Task details. Would you repeat each line below exactly, without the pictures?

Collected material below:

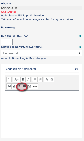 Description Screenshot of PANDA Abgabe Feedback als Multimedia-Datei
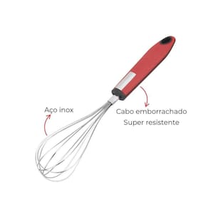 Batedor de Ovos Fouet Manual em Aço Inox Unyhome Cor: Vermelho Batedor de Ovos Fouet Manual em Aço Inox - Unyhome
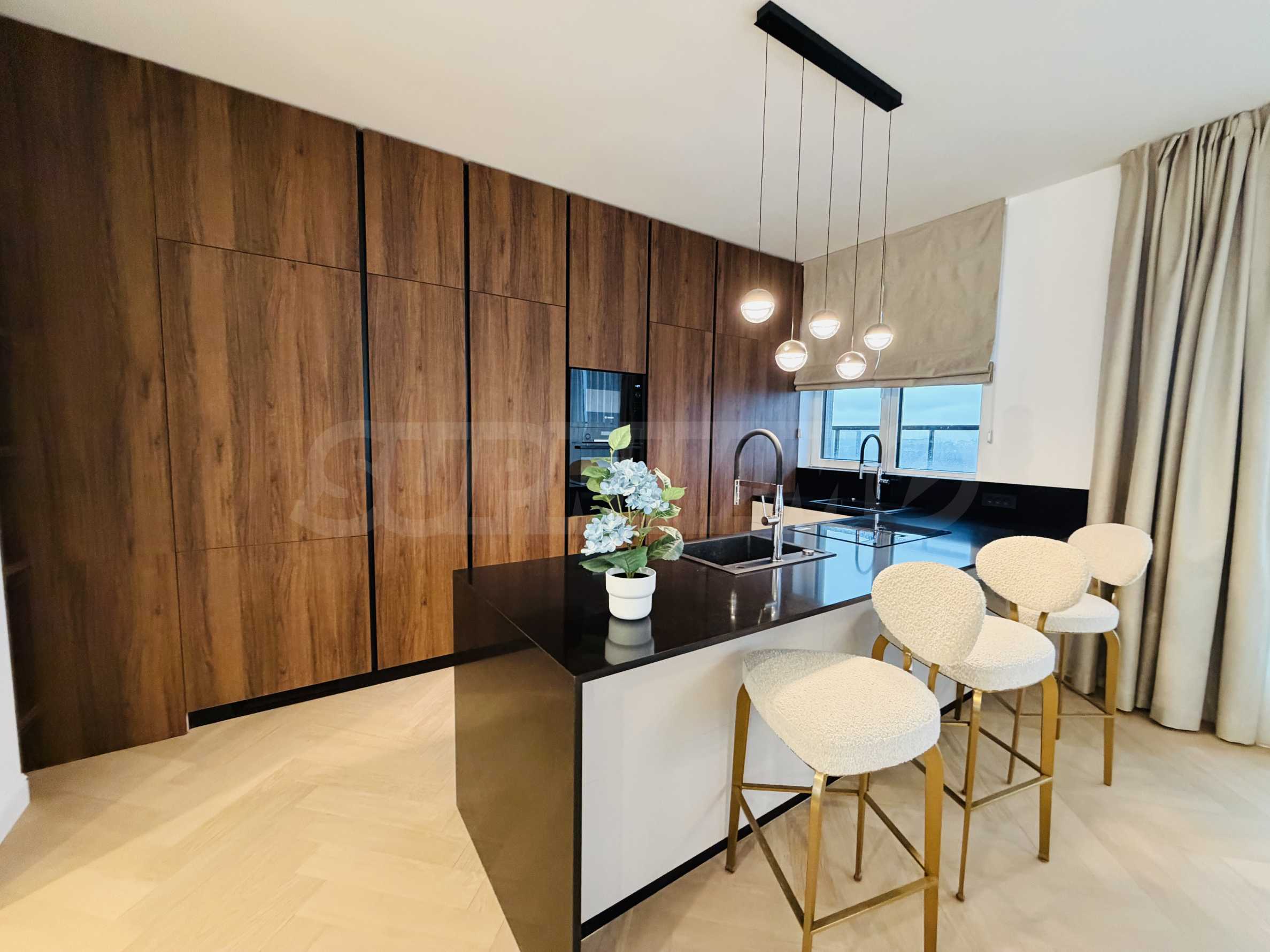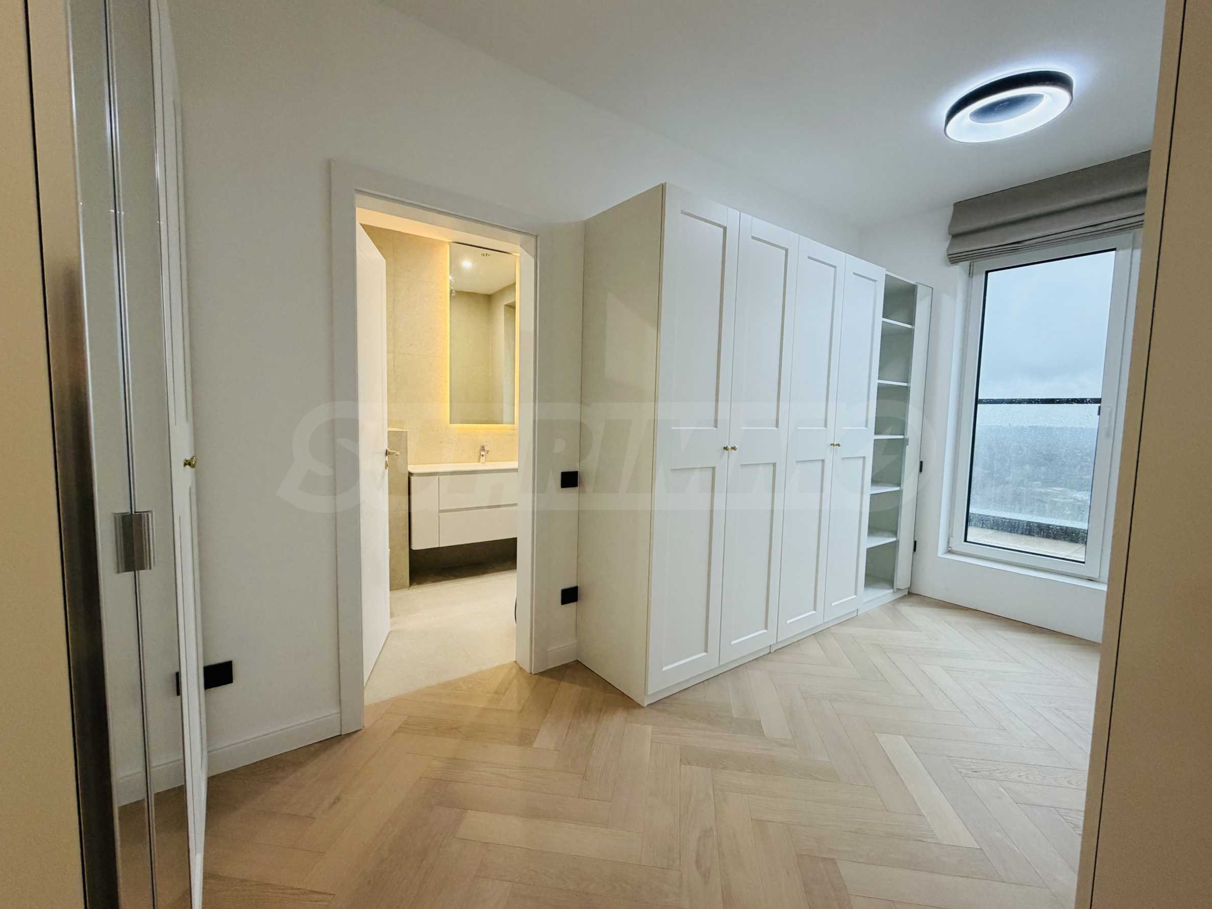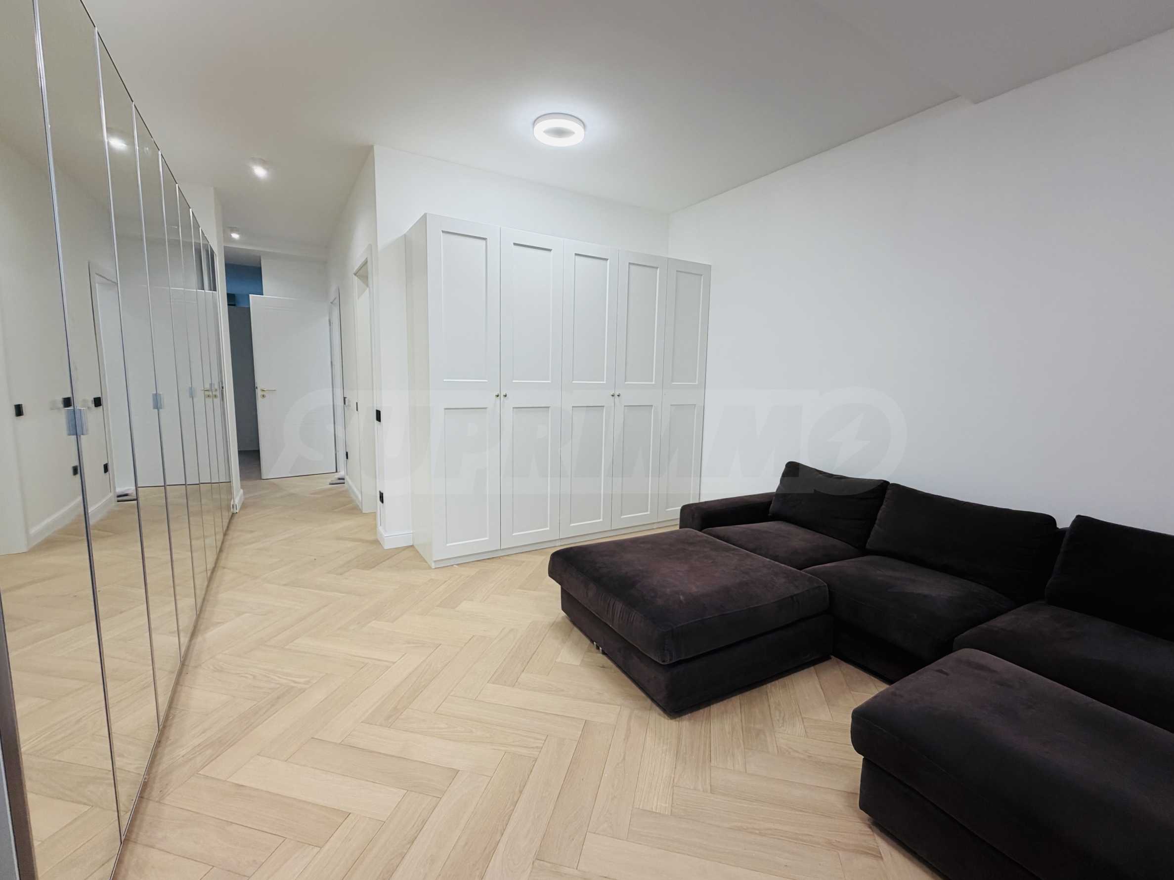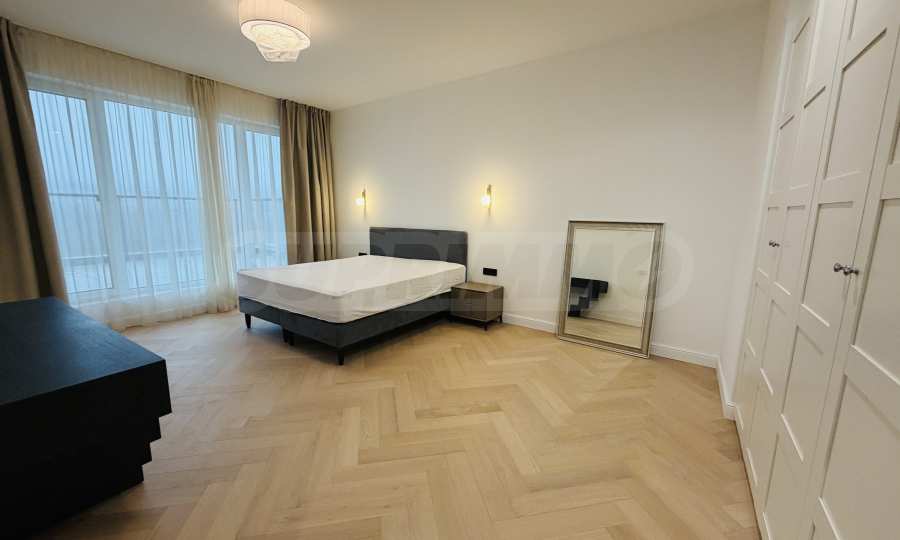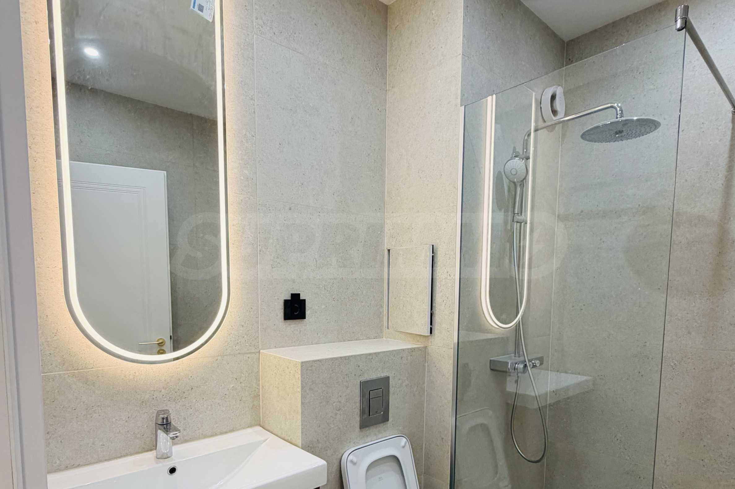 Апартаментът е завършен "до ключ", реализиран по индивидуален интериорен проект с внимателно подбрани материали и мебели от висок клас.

End of Collected material.

The answer.
 Description Screenshot of PANDA Abgabe Feedback als Multimedia-Datei
 Batedor de Ovos Fouet Manual em Aço Inox Unyhome Cor: Vermelho Batedor de Ovos Fouet Manual em Aço Inox - Unyhome
 Апартаментът е завършен "до ключ", реализиран по индивидуален интериорен проект с внимателно подбрани материали и мебели от висок клас.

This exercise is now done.